As a dairy farmer, I use nature as my model. But most dairy farming today — and farming in general — ignores nature. This should concern not only farmers but also consumers, for the sake of their health and Earth’s.
Nature produces no real wastes, because the “waste of one species is food for another. Also, nature does not use up resources. Its ways are efficient and sustainable.
The typical industrial dairy is a much different matter.
First, consider the cows, diet. It is typically high in corn. Growing corn requires nitrogen fertilizer, whose production uses up a lot of nonrenewable fossil fuel.
Not all of this fertilizer stays on the field. Typically more than half of it is lost, polluting groundwater or flowing downstream through the Mississippi River basin to feed a process that sucks out oxygen and drives life from a New Jersey-size patch of the Gulf of Mexico.

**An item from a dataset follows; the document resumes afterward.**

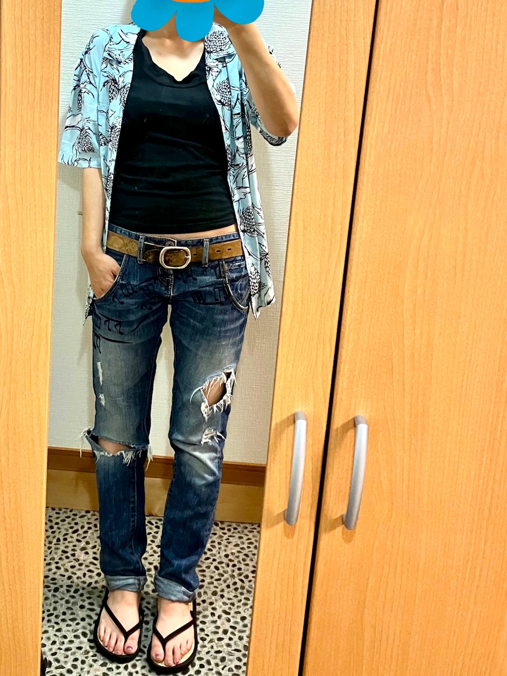 暑いんですが、アロハシャツ的なやつは…まだ早い…?? サンダルは、こだわりの畳サンダルです。 夏は畳サンダルです…。畳…

Most corn producers also use pesticides, which further poison the landscape. And because corn must be replanted annually, it promotes soil loss through erosion from fields left bare to wind and rain much of the year.
Waste is another problem with industrial dairies, where cows are confined to feedlots or barns. Manure accumulates in lagoons. Eventually it must be hauled to crop fields. With thousands of cows in a typical industrial dairy, it often is difficult to find enough fields close by to accommodate the manure, which can end up fouling the air or spilling into streams.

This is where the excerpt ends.